Q: how do you provision dedicated cores in the presence of a shared cache and shared bus?
Q: a lot of the finer details in 802.11 is for working at low-performance (weak signal strength and high multipath), so does Sora have spare processing capacity to work with this? In the presence of these, you won’t get high throughput, so we don’t handle this completely.

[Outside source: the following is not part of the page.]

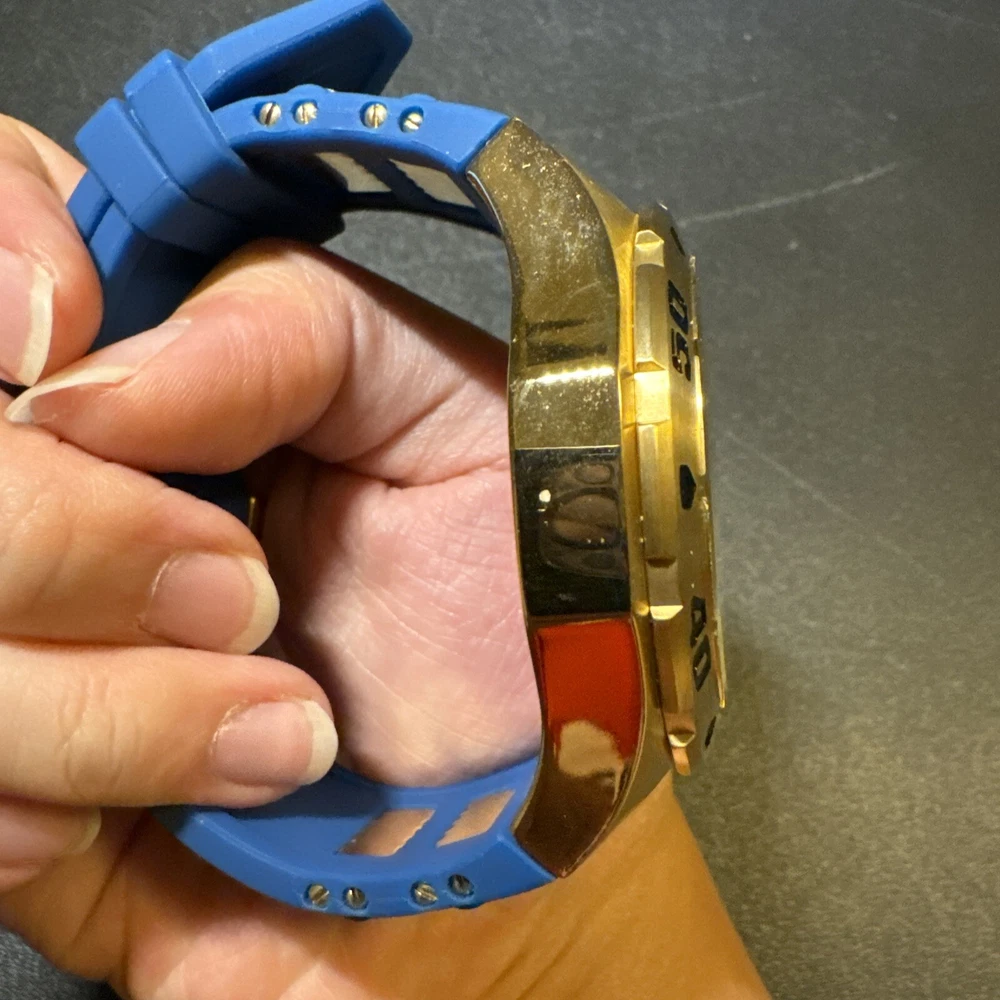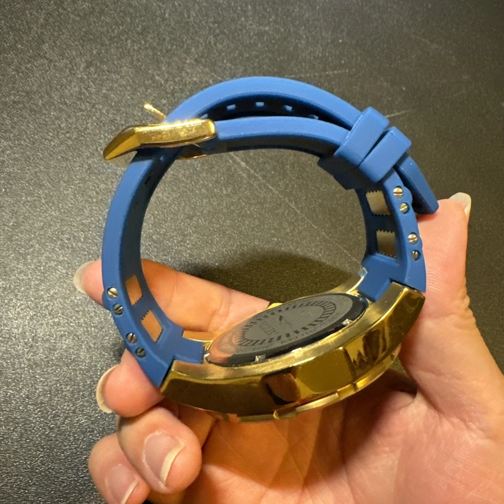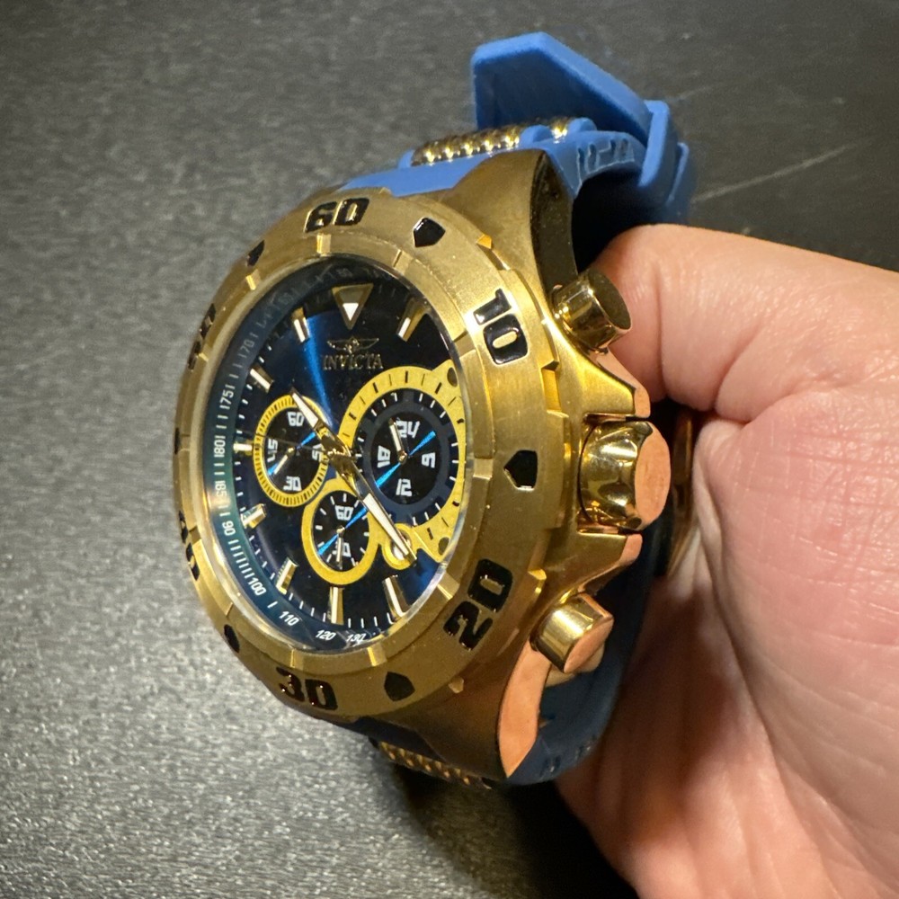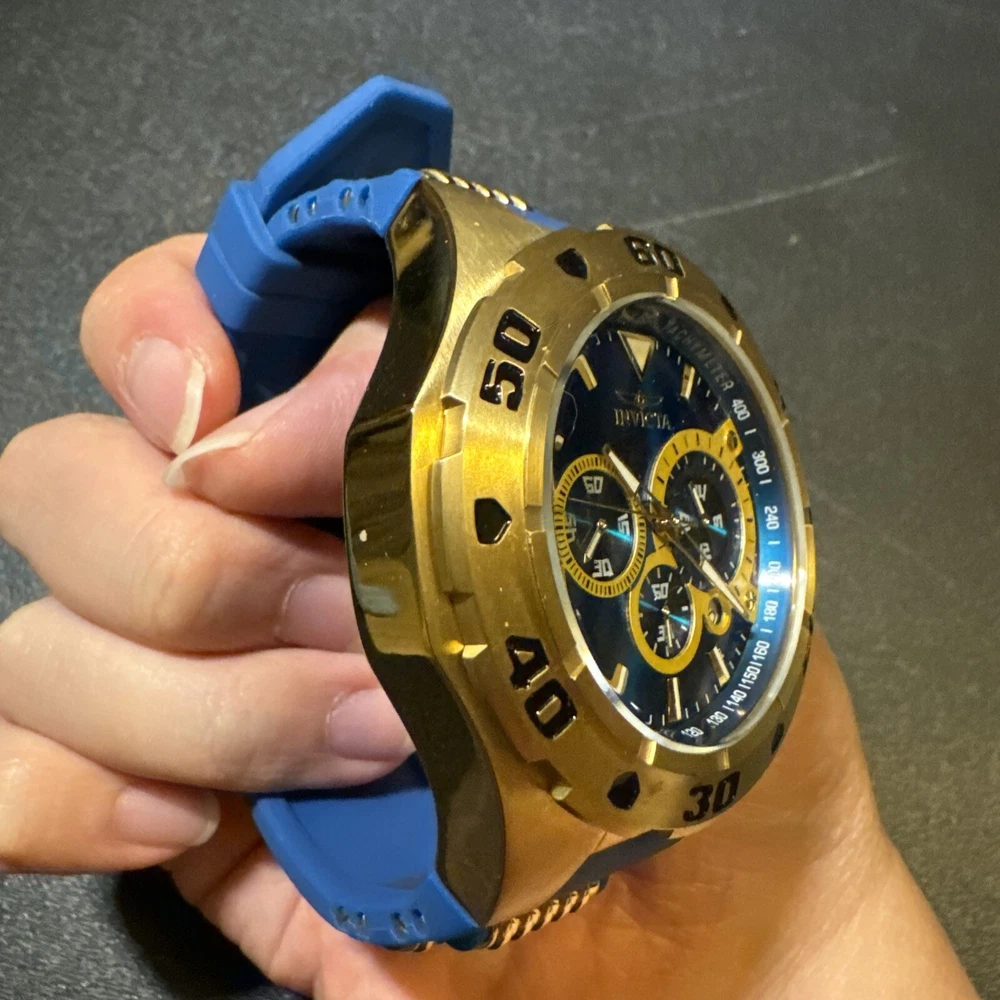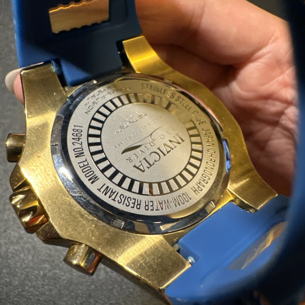 Introducing the Invicta Pro Diver 24681, a stunning men's wristwatch with a 52mm yellow gold-plated stainless steel case and a blue polyurethane band. This watch features a fixed blue bezel, a blue dial with minute, second, hour, date, chronograph, and tachymeter functions, and a solid caseback. With a water resistance of 100 meters/330 feet, this watch is perfect for professional divers and anyone who loves the ocean. The Invicta Pro Diver 24681 is a quartz movement watch that is suitable for left-handed men and has a tang clasp. This watch is an excellent addition to any collection and is sure to impress. Personal used condition in collection. Not currently running. NEEDS NEW BATTERIES! Bought couple years back and it's been in storage. No box. Just the watch itself with the band. Very good pristine condition. Currently sold out at retail value on official site: $199.00 very rare to find. offers welcome.

Enabling MAC Protocol Implementations on Software-Defined Radios
What’s the hype about wireless MAC protocols? Achieving highest performance is application-specific (e.g. throughput, latency, power). No one MAC fits all. So there are diverse MAC implementations and optimisations. How can we easily implement these?
First approach has been to use standard wireless NICs (high performance and low cost). Although MAC is software, it’s closed-source and fixed functionality. SDR allows modifying full reprogramming of the PHY and MAC layers, but are higher cost and lower performance.

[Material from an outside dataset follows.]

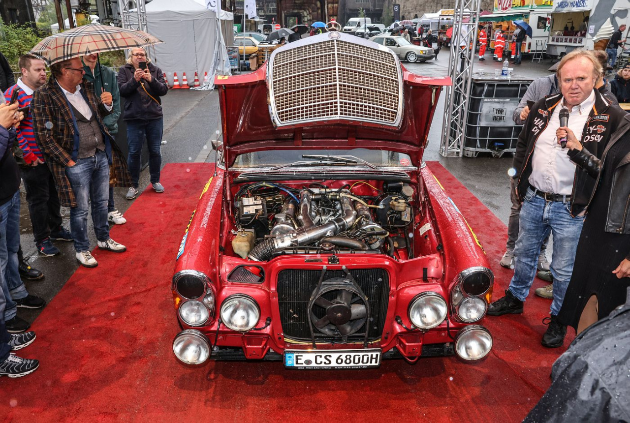 Die Bewertung übrigens verlief nach den gleichen Statuten wie in den Vorjahren. Die von der Redaktion bestimmten Jury-Mitglieder suchten streng subjektiv ihre persönlichen Favoriten aus der Vielzahl der Fahrzeuge heraus, versah diese mit einer Schleife und die so ausgezeichneten Fahrzeuge erhielten hinterher auf dem Roten Teppich ihren Pokal - sponsored by Classic Analytics. Es gibt also bis auf die Ausnahmen "Weiteste Anreise", "Best of 50's", "Best of 60s" und "Best of 70s" keine Kategorien, sondern die Jury ist aufgefordert, aus der Vielzahl der angereisten Fahrzeuge 50 bemerkenswerte SCHÖNE STERNE herauszupicken. Ihr könnt uns glauben: Das ist gar nicht so einfach!
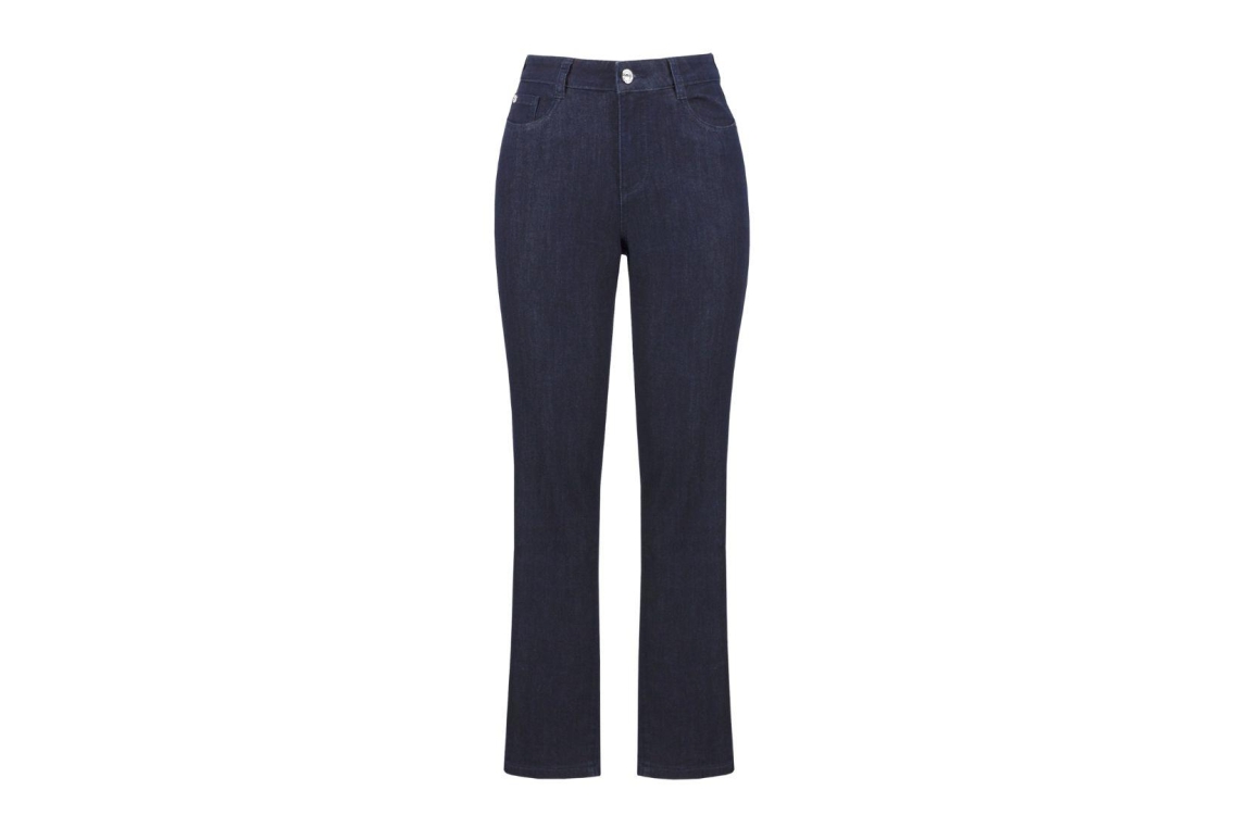 Joseph Ribkoff jeans 251968. Dit straight leg model sluit door middel van een knoop en rits en is afgewerkt met ceintuurlussen. Deze denim jeans van Joseph Ribkoff is uitgevoerd in een 5-pocket model.

Various projects have used SDR for evaluation (based on GNU Radio and USRP). All processing is done in userspace (”extreme SDR”).
“Extreme” SDR architecture based on a frontend, ADC/DAC, FPGA, and USB connection to kernel and eventually userspace. Much too slow for 802.11 timeouts.
So commonly move layers closer to the frontend. However, these are costly, require special toolkits, require embedded systems knowledge and are much less portable.
Instead, take a split-functionality approach. Put a small, performance-critical part on the radio hardware, and a larger piece on the host for flexibility. Then develop an API for the core functions.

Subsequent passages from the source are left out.